How much life has actually been lived? The Population Reference Bureau

estimates that anywhere between 6%-50% of the people that ever lived, are alive

right now, with the range depending on a large number of factors. (

But even taking the conservative side of that estimate, when combined with the

fact that life-spans are at an all time high for human history, we can say that, most

likely, somewhere around half of the human experiences that have ever happened

will happen in this generation. Are we really just a tiny blip on the timeline? If you

consider human history to be the actual total amount of time lived by humans

(human history = time x population), then surely at least half of “human history”

has occurred since the Industrial Revolution. Let’s combine this perspective with the

fact that life is changing at a much more rapid pace than it ever has. For most of

human history (using the traditional definition), people lived the same way – in a

Paleolithic lifestyle, or a Neolithic lifestyle. From 200,000 years ago until 12,000

years ago, how many technological systems existed? There were no inventors, no

entrepreneurs, and no rapid, abrupt changes to way people lived. This rapid

advancement of culture and introduction of numerous technological systems every

day is a phenomenon that has only been occurring since the Industrial Revolution.
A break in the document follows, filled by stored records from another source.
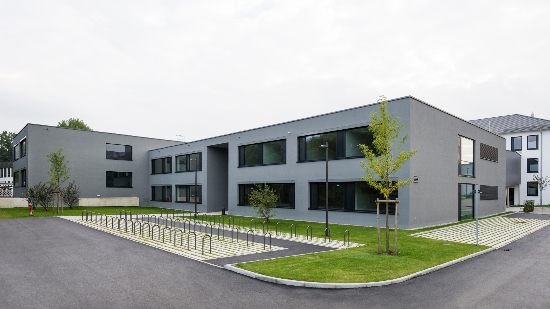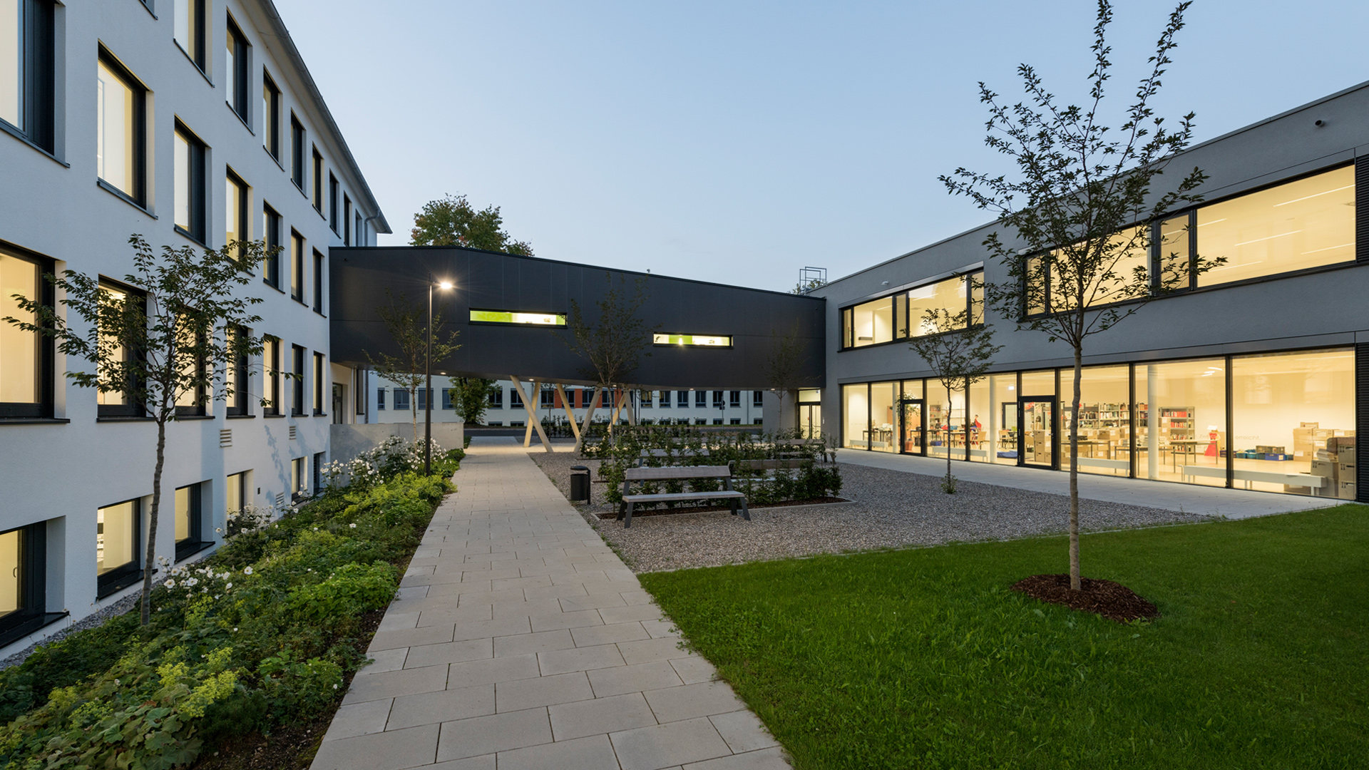 Die kleinteilige Struktur wird durch den Neubau gestärkt und bildet mit dem Atriumbau ein in seinen Proportionen ausgewogenes Ensemble. Über einen Verbindungssteg wird der neue und auch der bestehende Erweiterungsbau barrierefrei an den Atriumbau angebunden. Die Glasfassade der Pausenhalle öffnet sich zum Innenhof und bildet mit diesem einen Einheit. Die Blickbeziehungen der kommunizierenden Flure im Atriumbau bleiben durch die zweigeschossige Pausenhalle erhalten.
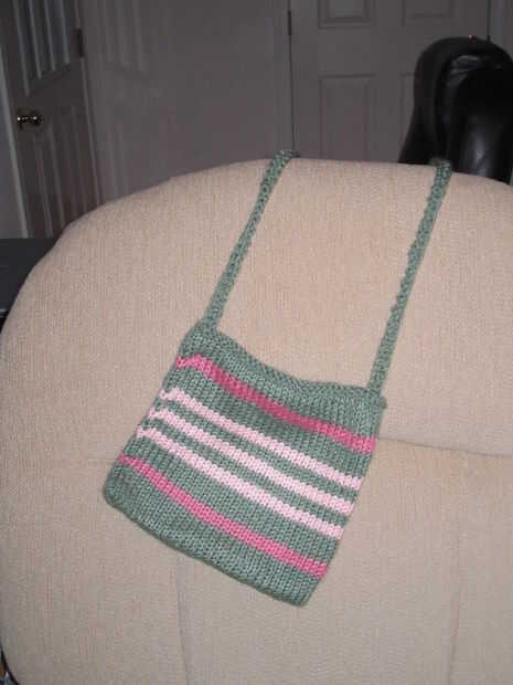 este es un bolso que tejido en agujas circulares de tamaño 8. Es un Jersey básico en todo momento, cambiar los colores para crear un patrón de rayas. Para la correa que hice una fila de doble crochet. Usé hilo rojo corazón Super Saver.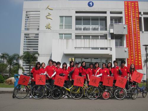 活动开始后,大家骑着贴上活动口号的自行车,途径温医、商务中心、南校、温职、北校,绕着大学城宣传了一周,引来了路上同学们的广泛关注。宣传过后,学生党员们在北校区1号楼213会议室进行座谈,主要针对现实生活中的“低碳现象”进行讨论。座谈会上,同学们罗列了各种体现“低碳”的生活习惯,各抒己见,并作出新的设想,气氛十分融洽。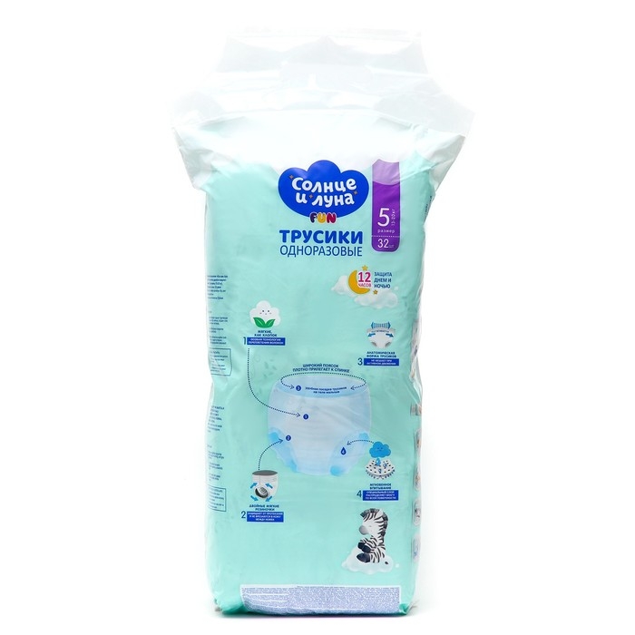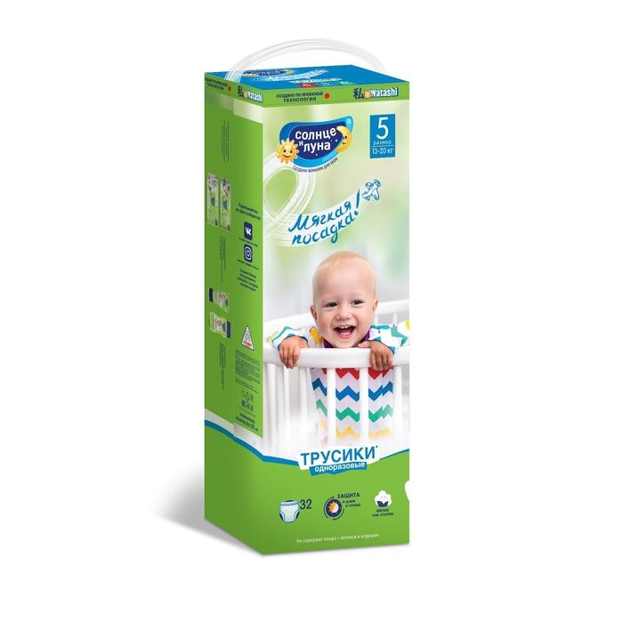 Подгузники-трусики "Солнце и луна" 5/XL, мягкая забота, 13-20 кг, 32 шт

It

would not be unreasonable to guess that for every technological system that

existed on earth from 200,000 BC to 10,000 BC, the same number of technological

systems will be invented in 2009. Considering population increase and the rate at

which inventions happen compared to the Paleolithic era, this is probably a

conservative estimate. When using the new perspective on what “human history”

means, and considering the rate at which technological systems come into being,

we realize that the vast majority of all technological systems ever created are, in

fact, applied sciences.

The E-ZPass, while not fascinating in itself, can be used as an example to

determine the boundaries of technological system in general, and the nature of

those systems. Are all technological systems applied sciences? If not, how many?

While it is true that for most of human history, technology was not applied science,

if we consider the fact that most of the human experiences that have ever

happened in history have happened since the Industrial Revolution, and the vast

majority of all technological systems have been invented since the Industrial

Revolution, this new perspective quickly shows us that the vast majority of

technology that has ever existed is, in fact, applied science.